India takes Pakistan to UN’s highest court in spying case | International


THE HAGUE, Netherlands (AP) — India on Monday accused Pakistan of breaching the rights of an alleged spy who was sentenced to death by a Pakistani military court, a case at the U.N.’s highest court that has exacerbated tensions between the longtime rivals.

Indian lawyer Harish Salve told judges at the International Court of Justice that Pakistan’s claims of espionage and sabotage against Kulbhushan Jadhav have “always been strong on rhetoric and blurry on facts.”

Jadhav was arrested by Pakistan in March 2016 after he allegedly entered the country from Iran. Pakistani officials say he has been linked to 1,345 deaths in acts of terrorism in Pakistan, making secret trips to the country from Iran.

He was convicted in Pakistan by a military tribunal and sentenced to death in April 2017. The U.N. court last year ordered Pakistan not to execute him pending the outcome of the case in The Hague.

Monday’s hearings played out against a backdrop of already high tensions between the neighbors over a deadly attack last week when a militant in the disputed Kashmir region rammed an explosive-laden van into a paramilitary bus, killing at least 40 soldiers. It was the worst attack against Indian government forces in Kashmir’s history.

Four Indian soldiers, two suspected militants and a civilian were killed Monday in a gunbattle in Kashmir.

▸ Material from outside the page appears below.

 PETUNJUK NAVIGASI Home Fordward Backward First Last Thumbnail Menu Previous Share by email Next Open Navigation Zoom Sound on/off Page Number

As hearings opened Monday in the Great Hall of Justice in The Hague, Salve said that Jadhav’s court martial “hopelessly fails to satisfy even minimum standards of due process and … should be declared unlawful.”

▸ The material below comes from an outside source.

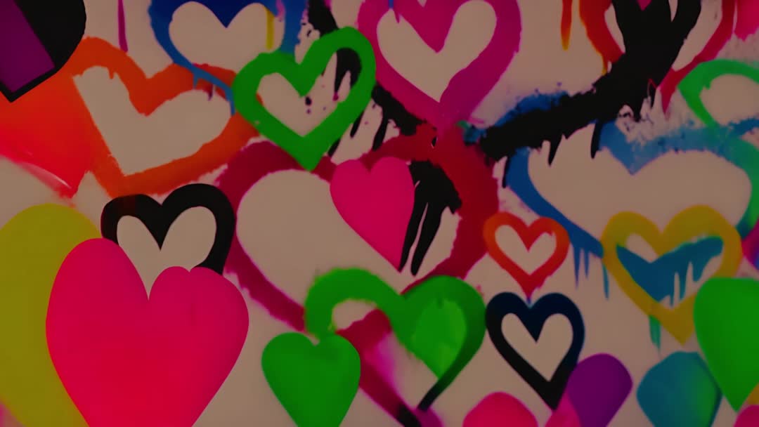 AI Generated Video. Bright and lively design featuring an array of overlapping hearts painted in neon colors. This creative expression with dripping effects captures the spirit of love and can add a playful, lively touch to art projects, young adult merchandise, or digital backgrounds.

He urged judges to declare Jadhav’s continued custody unlawful and “considering the trauma to which he has been subjected for over three years, it would be in the interests of justice, of making human rights a reality, to direct his release.”

India says Pakistani authorities ignored repeated requests to grant Jadhav access to consular officials and let him choose his own lawyer for the trial.

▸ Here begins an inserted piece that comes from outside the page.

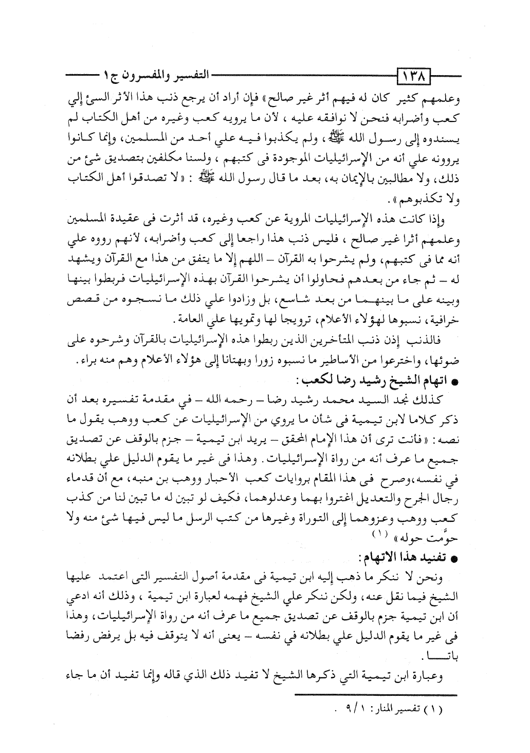 كذلك نجد السيد محمد رشيد رضا - رحمه الله - فى مقدمة تفسيره بعد أن ذكر كلاماً لابن تيمية فى شأن ما يُروَى من الإسرائيليات عن كعب ووهب يقول ما نصه: "فأنت ترى أن هذا الإمام المحقق - يريد ابن تيمية - جزم بالوقف عن تصديق جميع ما عُرِف أنه من رواة الإسرائيليات. وهذا فى غير ما يقوم الدليل على بطلانه فى نفسه، وصرَّح فى هذا المقام بروايات كعب الأحبار ووهب بن منبِّه، مع أن قدماء رجال الجرح والتعديل اغتروا بهما وعدَّلوهما، فكيف لو تبين له ما تبين لنا من كذب كعب ووهب وعزوهما إلى التوراة وغيرها من كتب الرسل ما ليس فيها شئ منه ولا حوَّمت حوله".

Pakistan lawyers are to set out their case on Tuesday.

After Monday’s hearing, a member of the Pakistan delegation told reporters outside the court said India had not answered key questions about the case in its presentation to judges.

“You will hear what we have to say about this tomorrow,” said lawyer Khawar Qureshi. “Today, we are disappointed with India’s position. They’ve said nothing new.”

The court’s judges will likely take months to issue a ruling and their decisions are final and legally binding.